Il fatto che poi i giovani non si sposino e non facciano figli è il segnale del fatto che si tende a pensare al presente, a godere della rendita ottenuta magari grazie al sudore di altre persone, senza sentire la necessità di fare qualcosa per il futuro perché non c’è nulla che sproni a farlo. Non ditemi che oggi i giovani non si sposano per motivi economici, perche solo 50 anni fa ci si sposava anche se si era molto più poveri di adesso e la natalità era più alta.
Certo, ci sia accontentava del necessario e l’impegno del mantenere una famiglia stimolava i coniugi ad aumentare la loro capacità di trovare nuove fonti di guadagno o di evitare le spese inutili, scegliendo di risparmiare. Così abbiamo costruito un Paese che da Terzo mondo è diventata una delle potenze economiche mondiali. Se il “carpe diem” diventa il fine della vita è anche la fine di una civiltà. Questo è il fattore originale che ha portato a questa crisi economica e a un ulteriore impoverimento delle fasce più deboli.

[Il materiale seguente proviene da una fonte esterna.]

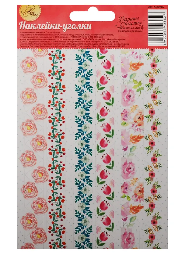 Наклейки-уголки для декора Акварельные цветы (1442582) (10х16см) (Арт Узор)
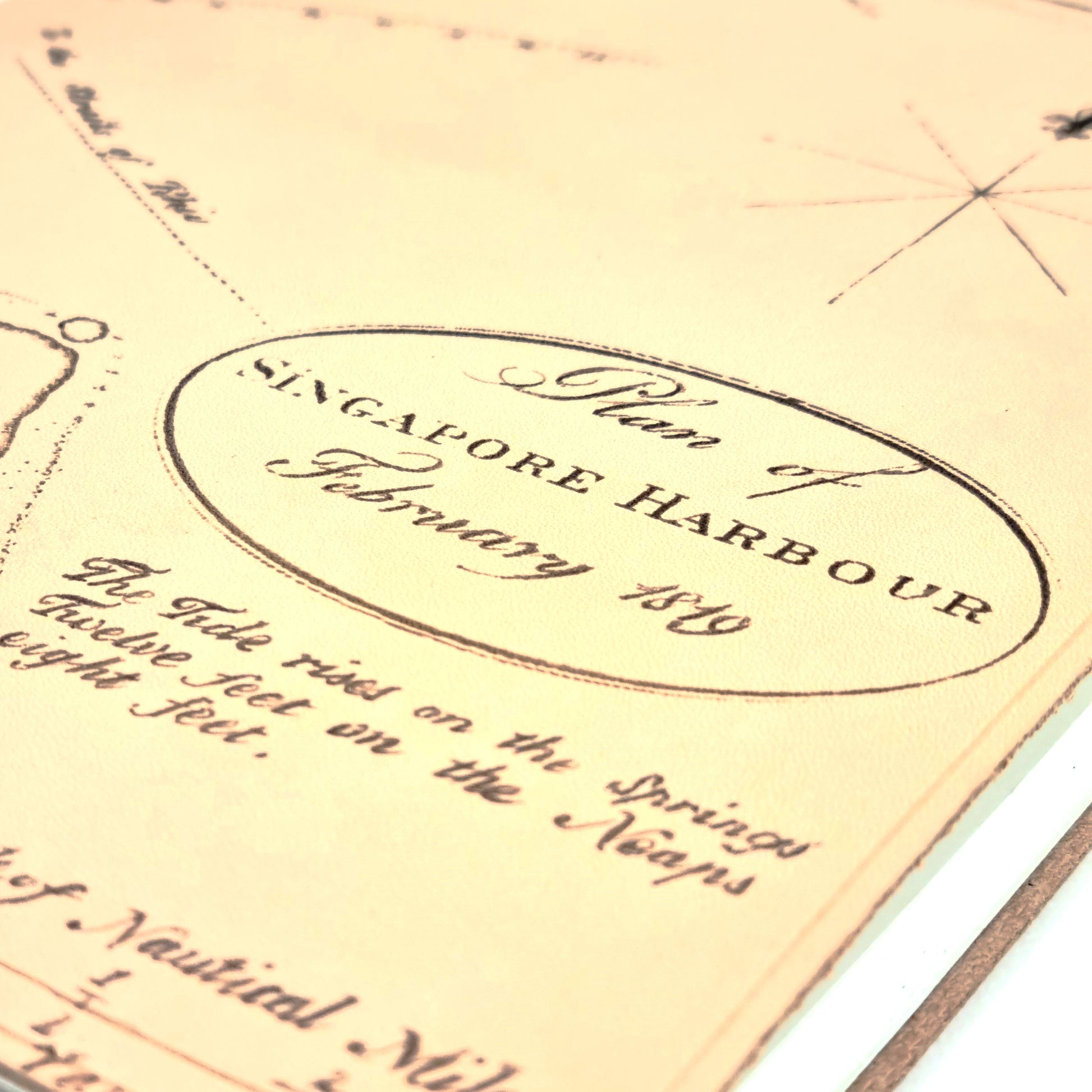 The map image on the cover is inspired by the very first map of the Singapore Harbour drawn by Captain Daniel Ross, a hydrographer accompanying Sir Stamford Raffles, in February 1819 prior to the signing of the Singapore Treaty.  The map was then officially published in May 1819 in the Calcutta Journal.  It is believed that this map was instrumental in the Treaty negotiation between Raffles and Temenggong on the 6th February 1819.

Ritiene che queste statistiche documentino l’importanza di non bloccare gli aiuti dell’Unione europea al Pead?
Sicuramente se scendono i consumi come segnale di una minore capacità di acquisto, questo incide ancora di più per chi già aveva poco da spendere. Ma l’aiuto alimentare è indispensabile. Non sono mai esistite società dove non ci siano stati mendicanti, mentre sono esistite società dove nessuno se ne occupava. Dal cristianesimo in poi l’accoglienza alla mensa è stato un modo per testimoniare una civiltà nuova. Se ora si decide di non occuparsene più è un segnale di inciviltà.
In che modo la politica può e deve intervenire, in un’ottica sussidiaria, per evitare che le famiglie italiane ed europee cadano sotto la soglia di povertà alimentare?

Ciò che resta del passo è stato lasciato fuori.